Ballade, Chopin’s Last Chords is a tough piece, which exists without recourse to smiles! It’s all so serious, and so like what has preceded it that it could be another movement of that piece so similar is the music. Merry Christmas 1941 comes from Martinů’s maturity, written in New York, and it’s relaxed and full of humour. The Little Lullaby if not, perhaps, exactly subtle - I cannot imagine this putting anyone to sleep, especially the animated middle section - has an endearing tune and it is worked out quite nicely. La Danse is an example of very laboured jazz, Le train hanté is a piece in motor rhythm and the Foxtrot narozerný na růžku is an obvious music-hall type of piece. All three works are clearly of their time and are most enjoyable sidelights on the work of Les Six. Prélude is a chordal study with the sound of bells - it might just remind you, in a passing moment, of the Grand Gate at Kiev from Pictures at an Exhibition.

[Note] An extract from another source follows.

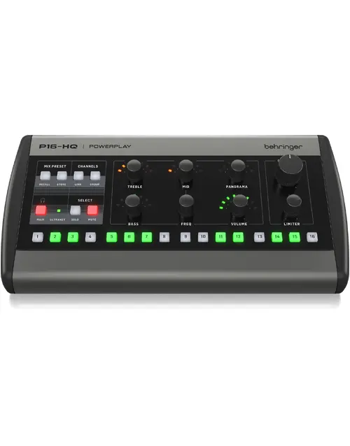 The Behringer P16-HQ POWERPLAY 16 is a premium 16-channel in-ear personal monitoring mixer designed for superior on-stage and studio monitoring. Featuring a 114 dB dynamic range D/A converter and an advanced amplifier stage, it delivers noise-free audio with enhanced volume for low-impedance headphones and in-ears. Intuitive controls include 16 backlit channel buttons, level and panorama controls, 3-band EQ per channel, and adjustable mid-band frequency. Solo, mute, and output limiter functions ensure precise control and hearing protection. Ultranet CAT5e connectivity provides power and 16 signal channels, simplifying setups, while compatibility with P16-M mixers and MIDI input for remote control expand its versatility. With ultra-low latency (<1 ms) and secure mic stand mounting options, the P16-HQ ensures professional-grade performance in any setup.

Suddenly, with The Spring we enter a new sound-world. This could be Delius in places, and impressionistic Debussy at times, but there is the firm stamp of an original mind at work. This is a most pleasing work. The four Children’s Pieces certainly don’t waste any time, the longest is 39 seconds, the shortest 21! And the final Avec un doigt - in which Mrs Koukl plays the important one finger part - is a real hoot which brings this collection to a riotous close.
To be sure, there are no masterworks here, and the two suites which start the collection are rather hard work, but the miniatures are totally delightful. In the long run this is one for die-hard Martinů fans. I cannot imagine anybody else actually having any interest in these pieces. Those who want to investigate this composer would do much better to go to one of the first four volumes where there’s more consistent and original works. But I am all for more Martinů on disk so to all those who, like me, are crazy about Martinů, this will not disappoint.